Let the two-digit number be xy.

According to the data provided in the question,

The sum of the digits of a two-digit number is 7.

x + y = 7 —– (i)

If the numbers are reversed, then the number is increased by 27.

The sm of two digits of the number as can be written as 10x + y

If the numbers are reversed, then the number can be written as 10y + x

10y + x = 10x + y + 27

10x + y + 27 – x – 10y = 0

9x – 9y = -27

9(x – y) = -27

x – y = -3 —– (ii)

Adding equations (i) & (ii)

x + y + x – y = 7 + (-3)

2x = 7 – 3

2x = 4

x = 4/2

x = 2

Substituting x = 2 in equation (i)

2 + y = 7

y = 7 – 2

y = 5

Therefore, the required 2 digit number is 25.

2. Mahesh bought 13 bushes and 4 trees from the nursery for the first time and its total cost was $487. For the second time, he bought 6 bushes and 2 trees and totaled $232. The bills do not list the per-item price. What were the costs of one bush and of one tree?

## Solution:

Let the cost of each bush be x, one tree is y.

As per the question,

The first condition is he bought 13 bushes and 4 trees from the nursery for the first time and its total cost was $487

13x + 4y = 487 —- (i)

The second condition is he bought 6 bushes and 2 trees and totaled $232

6x + 2y = 232 —– (ii)

Multiply the second equation by 2.

2(6x + 2y = 232)

12x + 4y = 464 —– (iii)

Subtract equation (iii) from equation (i)

12x + 4y – (13x + 4y) = 464 – 487

12x + 4y – 13x – 4y = -23

-x = -23

x = 23

Putting x = 23 in equation (i)

13(23) + 4y = 487

299 + 4y = 487

4y = 487 – 299

4y = 188

y = 188/4

y = 47

So, costs of one bush is $23, and of one tree is $47.

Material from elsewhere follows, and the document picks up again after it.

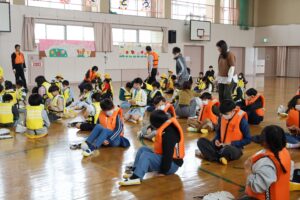 その後、運動場から体育館へ移動し、ライフジャケットの着脱の練習をしました。

3. The first number is six times the second number. The difference between the numbers is 60. Find those two numbers?

## Solution:

Let the first number be x, the second number be y.

As per the given data,

The first condition is the first number is six times the second number.

x = 6y —- (i)

The second condition is the difference between the numbers is 60.

x – y = 60 —– (ii)

Put equation (i) in equation (ii)

6y – y = 60

5y = 60

y = 60/6

y = 10

Substituting y = 10 in equation (i)

x = 6 x 10

x = 60

Therefore, the two numbers are 60, 10.

4. One number is three times the other number. The sum of two numbers is 24. Find the two numbers?

## Solution:

Assume that two numbers are x, y.

Given that,

One number is three times the other number.

x = 3y —– (i)

The sum of two numbers is 24.

x + y = 24 —– (ii)

Substituting x = 3y in equation (ii)

3y + y = 24

4y = 24

y = 24/4

y = 6

Putting y = 6 in equation (ii)

x + 6 = 24

x = 24 – 6

x = 18

so, the two numbers are 18, 6.

5. It takes 3 hours for a boat to travel 27 miles upstream. The same boat can travel 30 miles downstream in 2 hours. Find the speeds of the boat and the current?

## Solution:

Let x be the speed of the boat (without current), let y be the speed of the current.

According to the given problem,

The boat can travel 27 miles upstream in 3 hours

Upstream speed = (Upstream distance)/(Upstream time)

Upstream speed = 27/3 = 9 miles/hour

The boat can travel 30 miles downstream in 2 hours.

Downstream speed = (Downstream distance) / (Downstream time)

Downstream speed = 30/2 = 15 miles/hour

The linear equation for upstream speed is x – y = 9 —— (i)

downstream speed is x + y = 15 ——- (ii)

Adding equations (i) and (ii)

x – y + x + y = 9 + 15

2x = 24

x = 24/2

x = 12

Substituting x = 12 in equation (ii)

12 + y = 15

y = 15 – 12

y = 3

Therefore, the speed of boat is 12 miles/hour, current is 3 miles/hour.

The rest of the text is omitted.